Exercise: finding resource requirement

In this exercise, you will use two different ways to estimate the resource requirement of running a “fake” application.

We will focus on estimating the memory requirement, as it has significant impact on the resource utilisation efficiency of the cluster resources.

Preparation

Download the "fake" applciation which performs memory allocaiton and random number generation. At the end of the computation, the fake application also produces the cube number of a given integer (i.e. n^3).

Follow the commands below to download the fake application and run it locally:

$ wget https://github.com/Donders-Institute/hpc-wiki-v2/raw/master/docs/cluster_howto/exercise_resource/fake_app
$ chmod +x fake_app
$ ./fake_app 3 1

compute for 1 seconds
result: 27

The first argument (i.e. 3) is the base of the cube number. The second argument (i.e. 1) specifies the duration of the computation in unit of second.

Although the result looks trivial, the program internally generates usage of CPU time and memory. The CPU time is clearly specified by the second input argument. The question here is the amount of memory needed for running this program.

Task 1: with the JOBinfo monitor

In the first task, you will estimate the amount of memory required by the fake application, using a resource-utilisation monitor.

Start a VNC session (skip this step if you are already in a VNC session)
Submit an interactive job with the following command
```
$ qsub -I -l walltime=00:30:00,mem=1gb
```
When the job starts, a small JOBinfo window pops up at the top-right corner.
Run the fake application under the shell prompt initiated by the interactive job
```
$ ./fake_app 3 60
```
Keep your eyes on the JOBinfo window and see how the memory usage evolves. The Max memory usage indicates the amount of memory needed for the fake application.
Terminate the interactive job

Task 2: with job’s STDOUT/ERR file

In this task, you will be confronted with an issue that the computer resource (in this case, the memory) allocated for your job is not sufficient to complete the computation. With few trials, you will find out a sufficient (but not overestimated) memory requirement to finish the job.

Download another fake application

$ wget https://github.com/Donders-Institute/hpc-wiki-v2/raw/master/docs/cluster_howto/exercise_resource/fake_app_2
$ chmod +x fake_app_2

Try to submit a job to the cluster using the following command.

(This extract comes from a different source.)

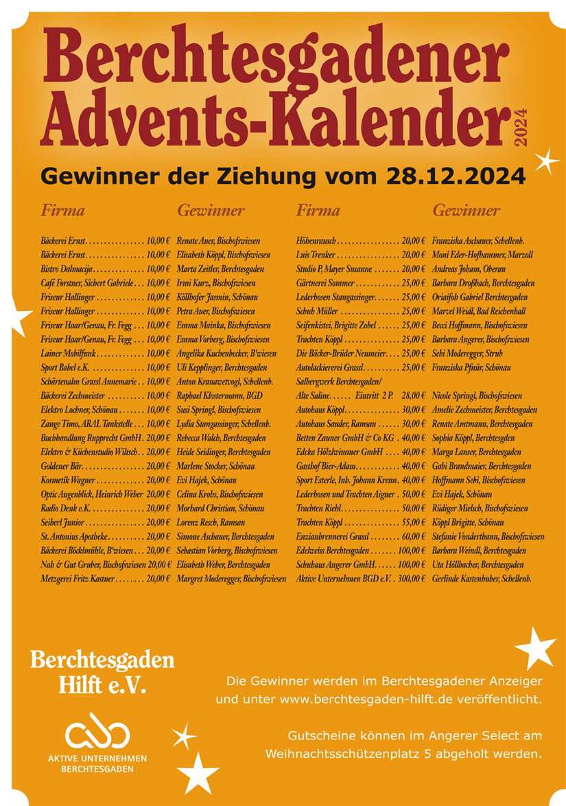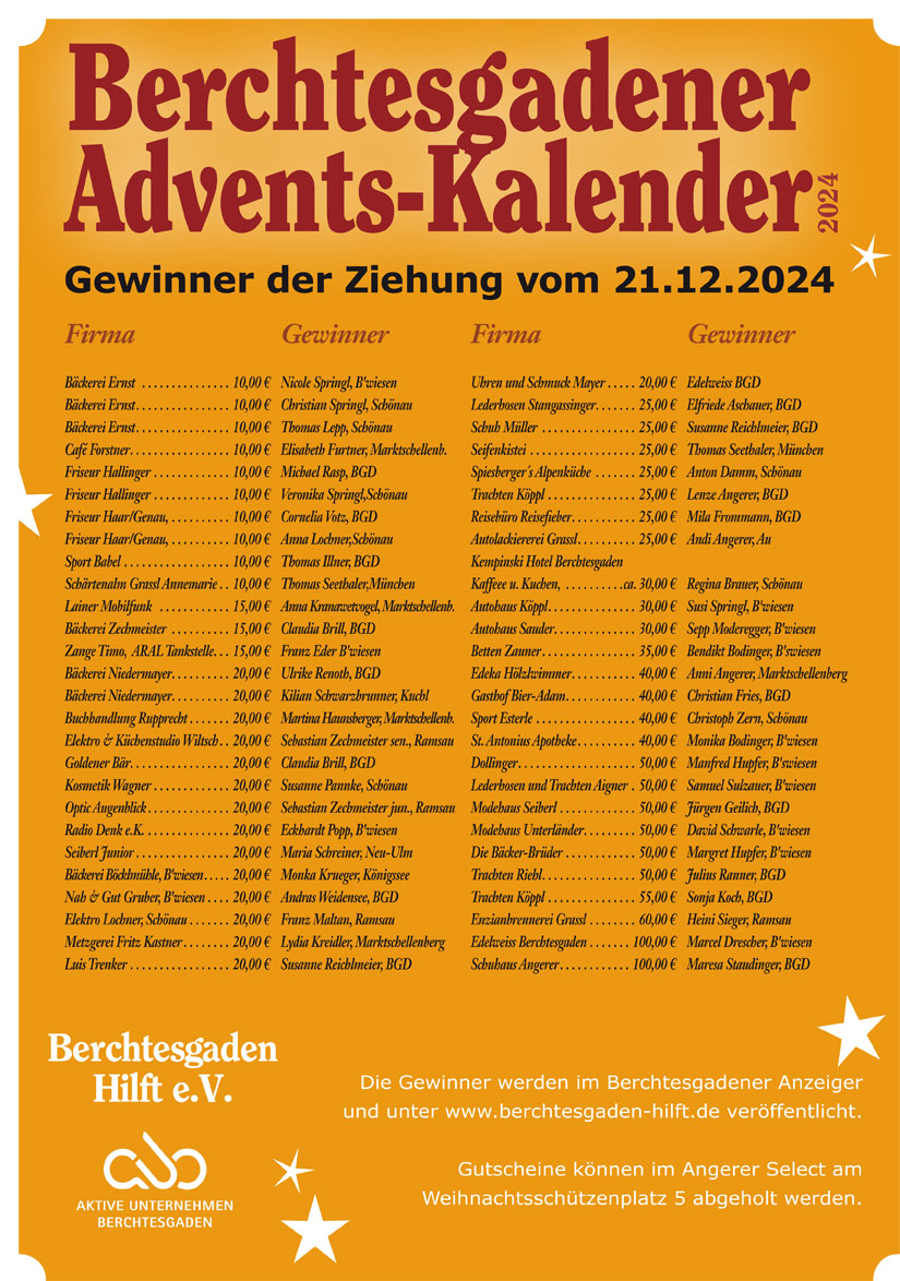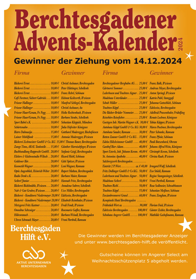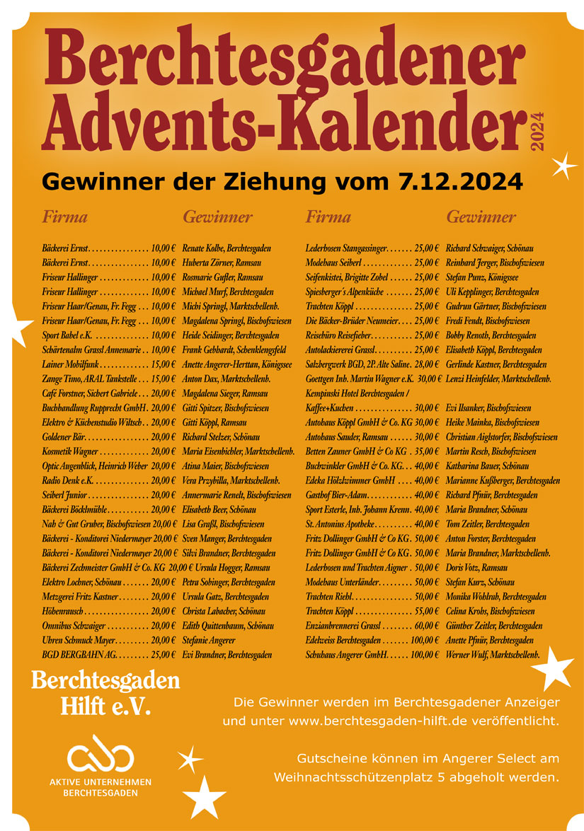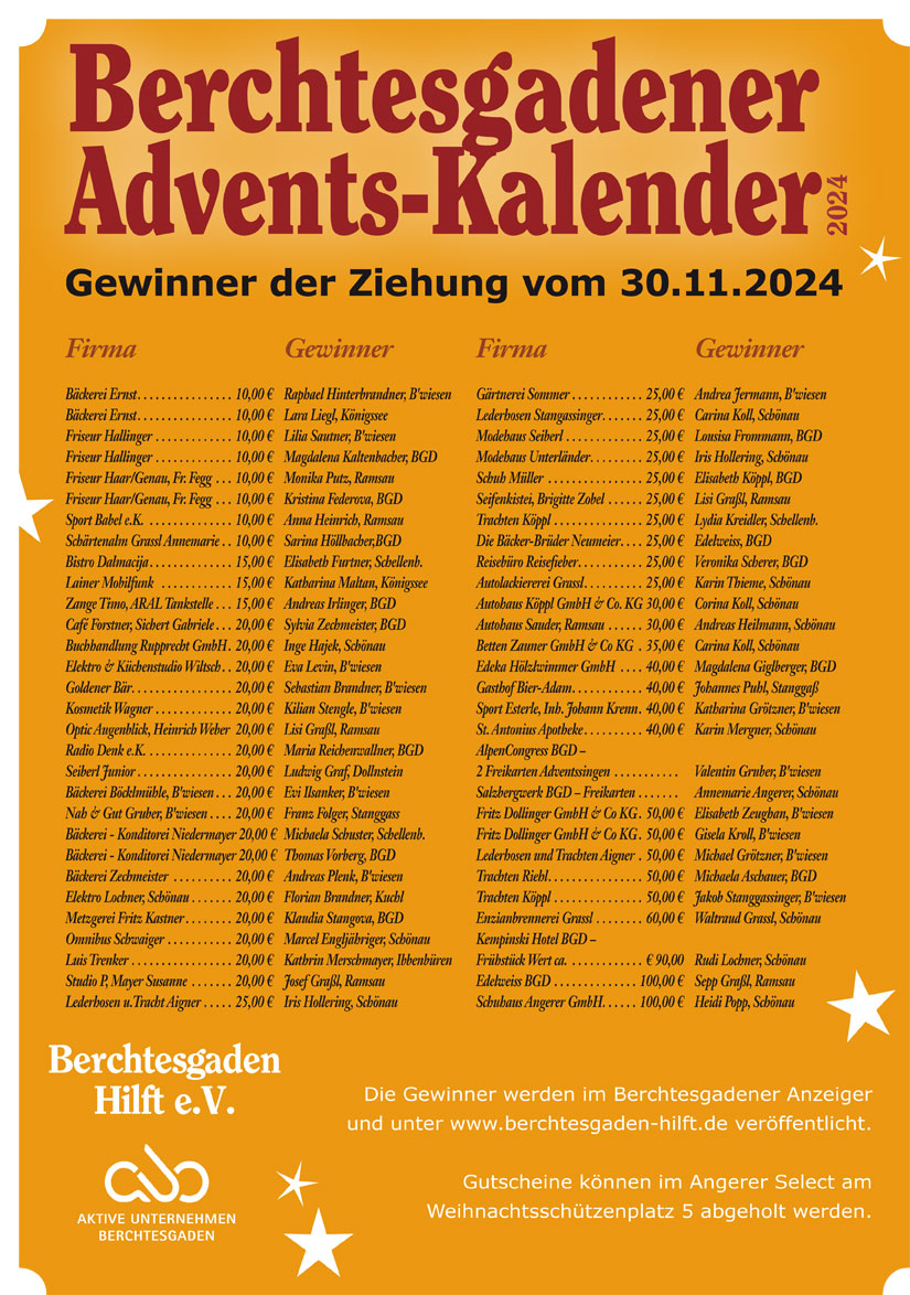 … findet der Berchtesgadener Adventskalender statt. Initiiert vom Berchtesgaden hilft e.V. können Sie "Helfen und Gewinnen", denn der Reinerlös wird jedes Jahr an verschiedene gemeinnützige Organisationen, Einrichtungen etc. gespendet.

$ echo "$PWD/fake_app_2 3 300" | qsub -N fake_app_2 -l walltime=600,mem=128mb

Wait for the job to finish, and check the STDOUT and STDERR files of the job. Do you get the expected result in the STDOUT file?
In the STDOUT file, find out relative information concerning job running out of memory limitation in the Epilogue section. In the example below, the information are presented on lines 4,9 and 10.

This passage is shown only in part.